Exercise goal: Reproduce all of the entries character for character, while leaving out any pictures they contain.

Extracted data:
☆ ☆ ☆

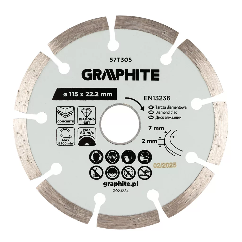 Graphite gyémánt vágókorong 115x22,2mm, szegmenses, száraz
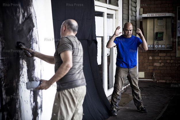 Légende : 29/09/2011 - Antananarivo, MADAGASCAR - Performance artistique du peintre Paul Bloas, du danseur Bernardo Montet et du guitariste Joel Rabesolo. PHOTO : RIJASOLO / RIVA PRESS
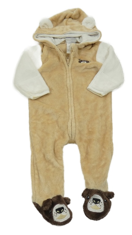 Béžovo-bílá chlupatá kombinéza s medvědem a kapucí
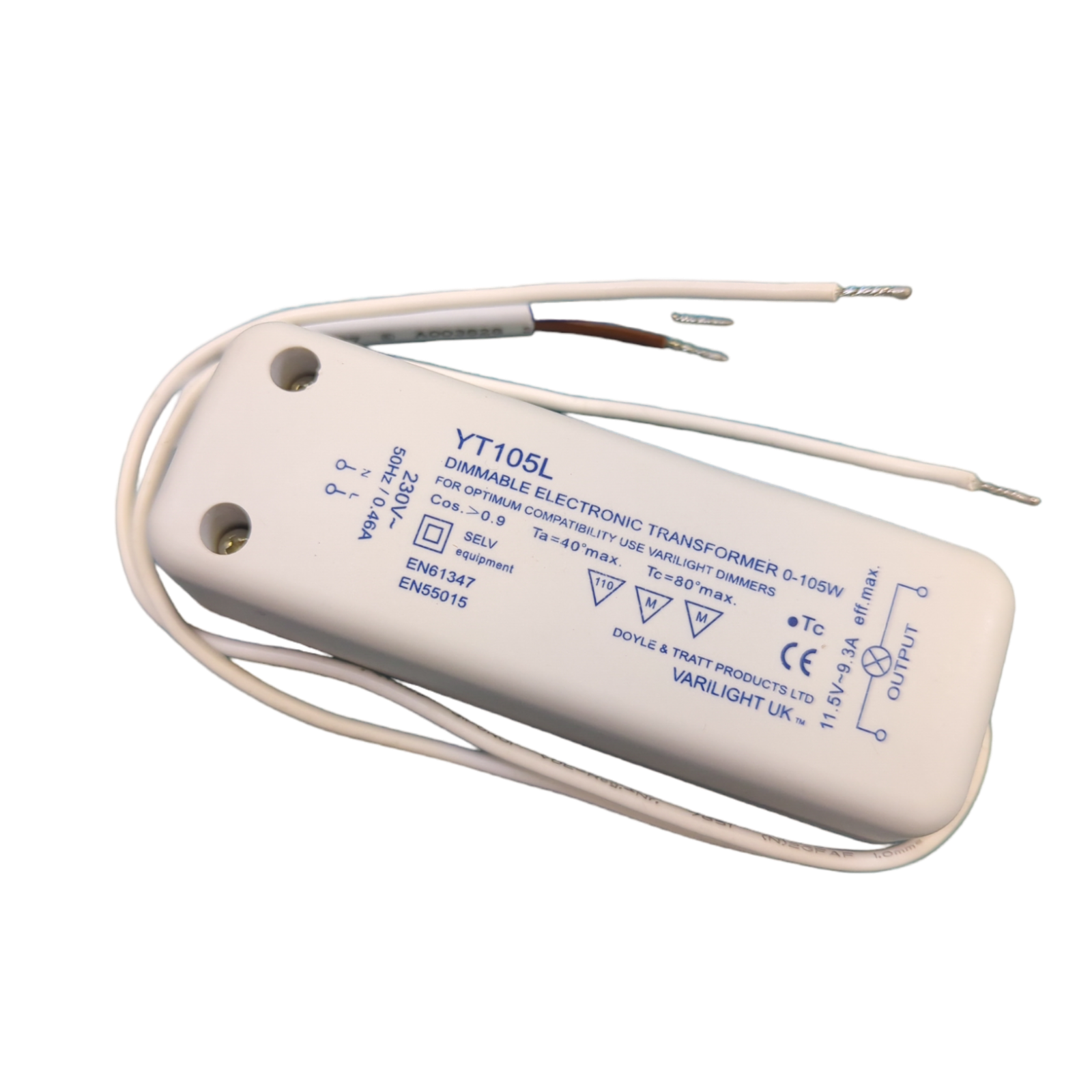 YT105L dimmable electronic transformer for low-voltage lighting. Compatible with Varilight and other phase-cut dimmers, 230V AC input with 0.22A current draw.
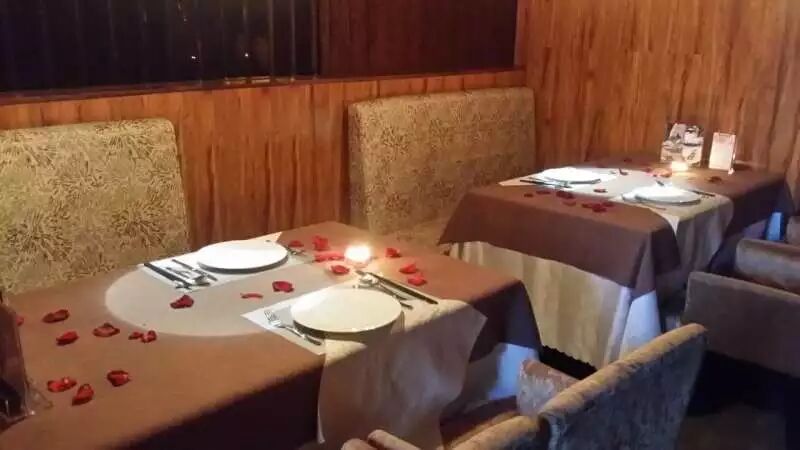 七夕节情侣的最爱,餐厅里光线暗暗,。服务生身上挂着小小发光的饰件,行走在幽暗中,宛若一只只漂浮在空气中的萤火虫。点上美食,听着轻松的音乐,餐桌上摇曳的烛光别有一番情调。
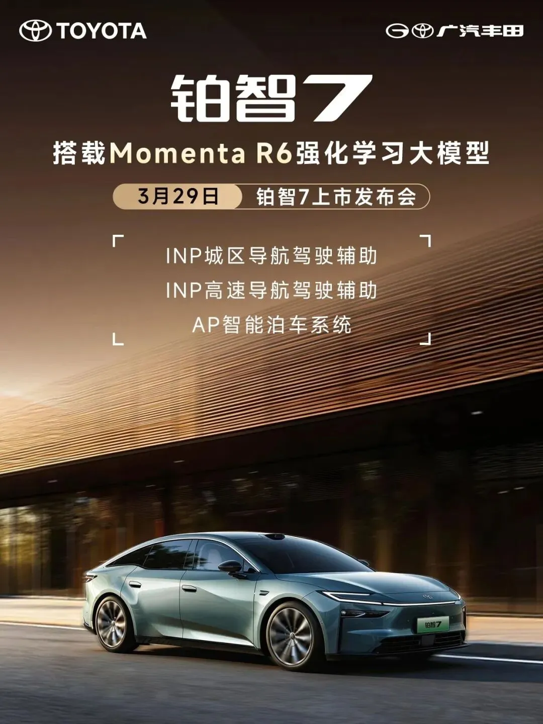 广汽丰田铂智7是广汽丰田2026年3月29日正式上市的中大型纯电旗舰轿车,基于e-TNGA架构打造。目前主销5个官方版本,全系标配华为DriveONE电驱、鸿蒙座舱5.0,核心差别集中在纯电续航、高阶智驾、舒适配置、底盘素质四大维度。

☆ ☆ ☆

Answer to this task:
 Graphite gyémánt vágókorong 115x22,2mm, szegmenses, száraz
 Légende : 29/09/2011 - Antananarivo, MADAGASCAR - Performance artistique du peintre Paul Bloas, du danseur Bernardo Montet et du guitariste Joel Rabesolo. PHOTO : RIJASOLO / RIVA PRESS
 Béžovo-bílá chlupatá kombinéza s medvědem a kapucí
 YT105L dimmable electronic transformer for low-voltage lighting. Compatible with Varilight and other phase-cut dimmers, 230V AC input with 0.22A current draw.
 七夕节情侣的最爱,餐厅里光线暗暗,。服务生身上挂着小小发光的饰件,行走在幽暗中,宛若一只只漂浮在空气中的萤火虫。点上美食,听着轻松的音乐,餐桌上摇曳的烛光别有一番情调。
 广汽丰田铂智7是广汽丰田2026年3月29日正式上市的中大型纯电旗舰轿车,基于e-TNGA架构打造。目前主销5个官方版本,全系标配华为DriveONE电驱、鸿蒙座舱5.0,核心差别集中在纯电续航、高阶智驾、舒适配置、底盘素质四大维度。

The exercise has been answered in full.